Russian casualties are much higher than imagined and reports of the true number of dead, wounded, POW and/or MIA’s would undermine Putin at home. Second, Russian tactics are rather crude essentially being massive artillery and air shelling of enemy positions. Such tactics mandate a traditional enormous output of ammunition and artillery. The numbers of shells being expended periodically forces Russia to accept truces in order to replenish its forces in Ukraine who are in full command of this operation. There are an estimated 17-20,000 Russian forces in Ukraine brought together or even cannibalized from many different Russian military units in order to bring ground, air, anti-air, and support functions into the theatre. In addition there is a substantial reinforcement of the naval, air, and missile forces in the Crimea, including nuclear-capable or so called dual use weapons being brought to Crimea.

We can learn the following lessons from this analysis. First, Putin cannot escalate the scale of conflict beyond present limits without antagonizing NATO further into a full-scale protracted war and he cannot afford that.

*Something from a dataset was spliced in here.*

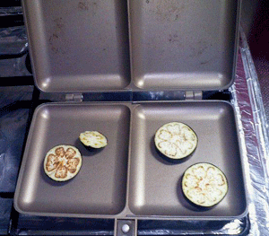 さて、作り方。ナスを1cmぐらいの厚さで輪切りにし、ホットサンドメーカーに並べて焼きます。この時、焼く前にキッチンペーパーなどでナスの断面の水分をふきとっておくのがコゲつかないコツです(試作時はこれをしなかったため、多少コゲつきました)。また、ナスよりも水分の多い食品は確実にコゲついてエラいことになる(関西弁)ので、ホットサンドメーカーでは焼かないようにしましょう。

He is also reputedly very afraid of media reports of the true extent of what evidently are sizable numbers of Russian casualties. E.g. according to Ukrainian sources, at Debaltseve, 1300 Ukrainians and 4500 Russians were killed. Why we are not publicizing Russian casualties escapes me.

Third, there is every reason to believe that if NATO mobilized its resolve and capabilities to give Ukraine weapons and training as part of a comprehensive strategy that Ukraine’s morale and capabilities would improve to the point of imposing much greater costs on Russia which is reaching the limit of its capabilities. Putin is already bringing troops form Central Asia and Siberia to Ukraine, indicating a manpower shortage and a lack of desire inside Russia to fight Ukraine. There are also many reports of disaffection within the Russian military. In other words whereas NATO has hardly engaged, Russia is already feeling the pressure.

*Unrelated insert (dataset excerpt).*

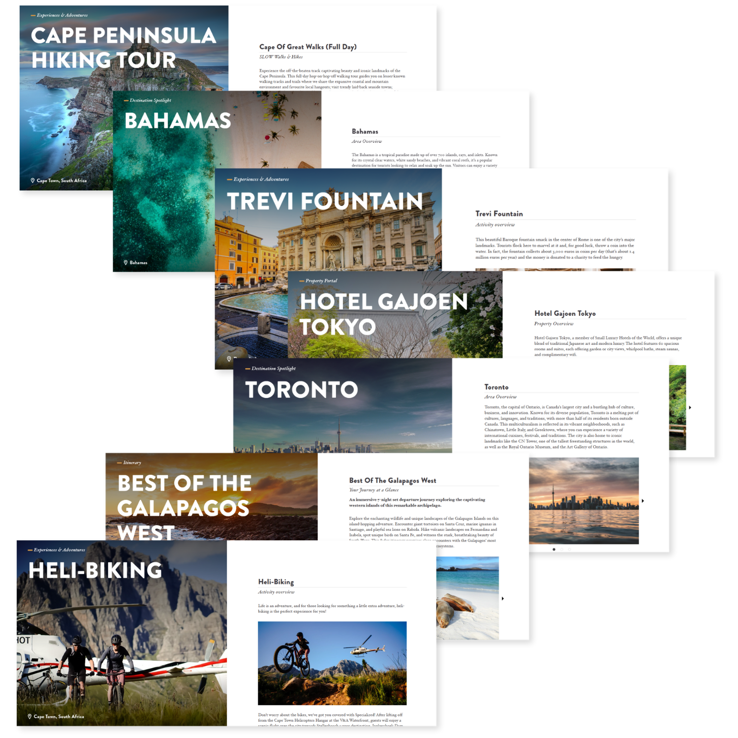 Content Library Inline Editor Itinerary Builder Guest Portals Traveler App Resource Library Media Library Pipeline Management Task Management Customer Support

Russian tactics and strategy have aimed to keep the fighting at a level under NATO’s “radar” to avoid too protracted a war. It appears Putin aims to create his “Novorossiia” and present the EU with a fait accompli by mid-year to persuade a divided Europe to remove sanctions and thus escape the risk of a protracted war. We have it within our power, if we can find the will to do so, not just to impose costs on Putin but to regain the overall strategic initiative and take it away for him by helping Ukraine to defend itself. What is needed here and in Europe and Kyiv is a comprehensive strategy that embraces not only military but also strong economic and informational means to thwart this effort to sustain Putin at home, destroy an independent Ukrainian state, overturn the post Cold War status quo in Europe, undermine European integration, and hasten the rupture of the Transatlantic alliance. Out continuing passivity allows this shameful conquest and the spread of state terrorism and criminality orchestrated by Moscow and its subalterns in Crimea and Ukraine to spread with impunity. We must realize that this is the most naked aggression since Saddam Hussein invaded Kuwait in 1990 and respond accordingly to what is the greatest threat not just to European security but to international order. For if we do not do so others will be even more emboldened by our inaction and confusion as we have seen with ISIL in the Levant and we can see with China in the South China Sea, and with Iran in regard to state-sponsored terrorism and nuclear proliferation. Continued passivity invites more escalation and not only by Putin whereas soundly conceived and implemented resistance upholds not only our values but even more importantly, our interests, both in Europe and across the globe.